Un caso simile, ma senza mutande di mezzo, è capitato invece a Modena. “Un signore acquista un iPhone- riferisce ancora Federconsumatori- ma il prodotto è difettoso e lo rende, seguendo le indicazioni di Amazon. A fatica, dopo diverso tempo, riceve da Amazon la notizia che il pacco era giunto vuoto. Anche qui nessuna fotografia o prova a supporto e il completo disinteresse di Amazon rispetto a cosa possa essere accaduto”. L’uomo presenta denuncia e si rivolge a Federconsumatori, che però non riesce a “rompere il disinteresse di Amazon, né a scalfire l’approccio burocratico e inefficiente di chi ritiene che riempire pagine di regole sul proprio sito abbia a che fare con la qualità dell’assistenza”.

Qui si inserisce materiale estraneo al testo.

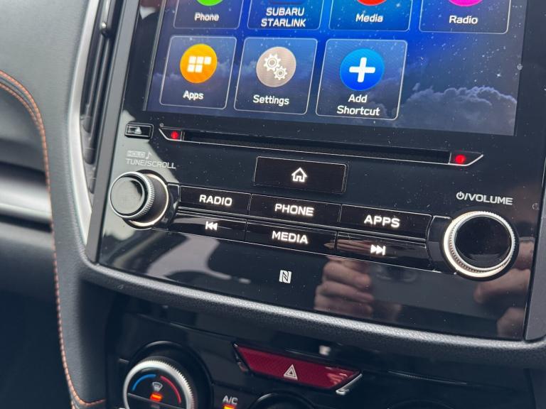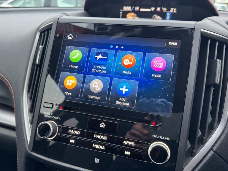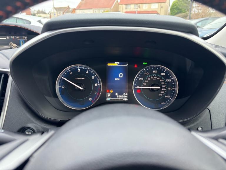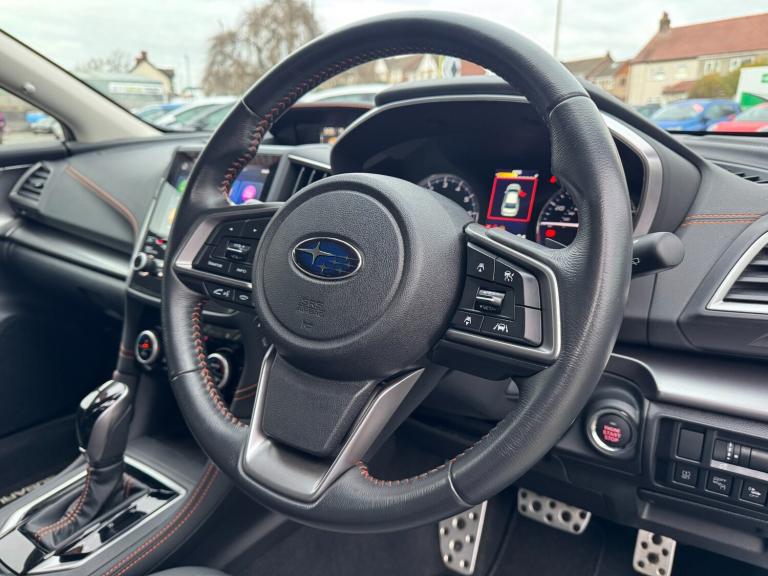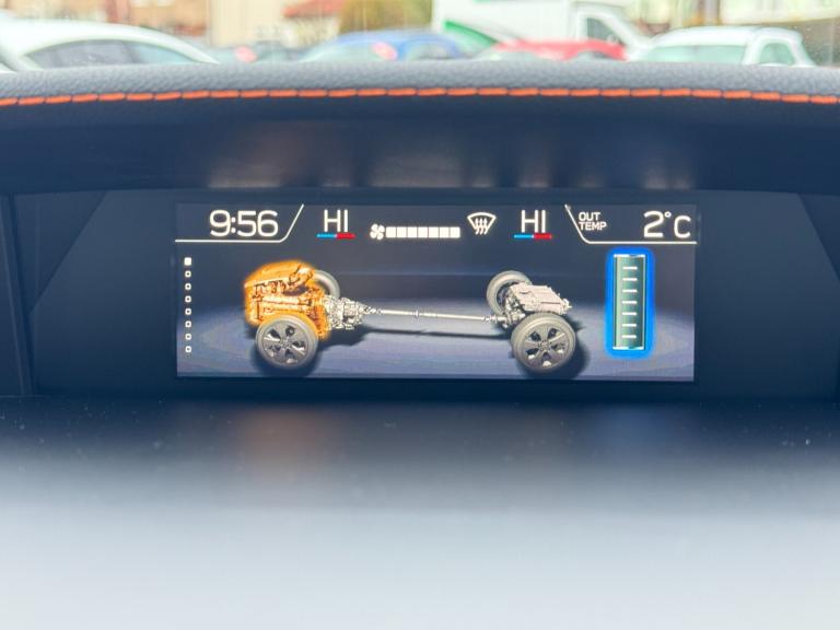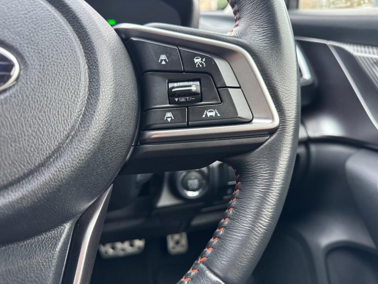 ..4.3'' LCD multi information display, 8'' touch screen, Apple car play/Android Auto, Blind spot monitoring, Bluetooth system, eCall emergency call system, eCall emergency system, EyeSight - Adaptive cruise control, pre-collision braking/throttle, lane sway/departure warning, lane keep assist + lead vehicle start alert, Front view monitor, Fuel lid lock release, Lane change assistant, Pin Code Access, Rear cross traffic alert, Reversing camera, SI-Drive (Subaru Intelligent Drive) intelligent mode & sport mode, Speed sensitive power steering, Stop/start system, Trip computer, Voice control system, X-Mode, Sports suspension, SVDC - Subaru Vehicle Dynamics Control, 2 USB ports, 6 speakers, Auxiliary input socket, DAB Digital radio, iPod connection, Premium audio system, Radio/CD, Steering wheel mounted audio controls, Auto dimming rear view mirror, Automatic headlights, Automatic rain sensing wipers, Body colour bumpers, Body colour door handles, Body colour door mirrors, Daytime running lights, Directional LED headlights, Heated door mirrors, Heated rear window with timer, Heated windscreen + washer jets, High beam assist, LED front fog lights, Pop-up headlight washers, Power folding door mirrors with built-in LED indicators, Power windows with drivers side front window auto up/down function with pinch protection, Privacy glass for rear doors, rear quarters and rear window, Rear fog lights, Rear side wing doors, Rear wiper, Roof rails, Roof spoiler, Shark fin antenna, Steering responsive headlights, Third brake light, UV protection glass in windscreen and front side windows, Wheel arch cladding, Windscreen wiper de-icer, 3 seat bench in 2nd row, 4-way manually adjustable passenger's seat, 6-way manually adjustable driver's seat, 60/40 split folding rear seat, Adjustable height seatbelt anchor, Aluminium pedals, Cargo hooks, Centre console cupholder, Centre console storage box, Cloth upholstery, Defroster vents for front and side windows, Door pockets with bottle holder, Dual zone automatic air conditioning system with anti-dust filter, Front armrest, Front map lights, Front passenger side seatback pocket, Heated front seats, Height adjustable driver's seat, Illuminated centre tray, Illuminated driver/passenger vanity mirror, Isofix child seat attachment, Leather gear knob, Leather wrapped steering wheel and gearshift knob, Luggage area lamp, Luggage hooks, Paddle shifts, Rear armrest, Rear headrests, Rear seat heater ducts, Retractable parcel shelf, Side

Secondo Federconsumatori, quelli di Modena e Parma “non sono certo gli unici casi”. Per questo, sostiene l’associazione, “è necessario che Amazon adegui le proprie modalità di assistenza alla clientela, magari in collaborazione con le associazioni dei consumatori”. Allo stesso tempo, però, “è sempre più evidente che serve un intervento del legislatore– sostiene Federconsumatori- che in questi casi vada a stabilire nuove prassi di tutela tra compratore, venditore e corriere. Questo non solo per Amazon- precisa l’associazione- ma per tutto il commercio online”.

In attesa che questo intervento arrivi, però, Fedecosumatori consiglia “come autotutela minima di scattare diverse foto dei pacchi che si spediscono e conservare sullo smartphone il codice che consente il tracciamento. Azioni certo non decisive, ma che possono contribuire a rendere complicato, per Amazon, il non curarsi dei propri clienti”.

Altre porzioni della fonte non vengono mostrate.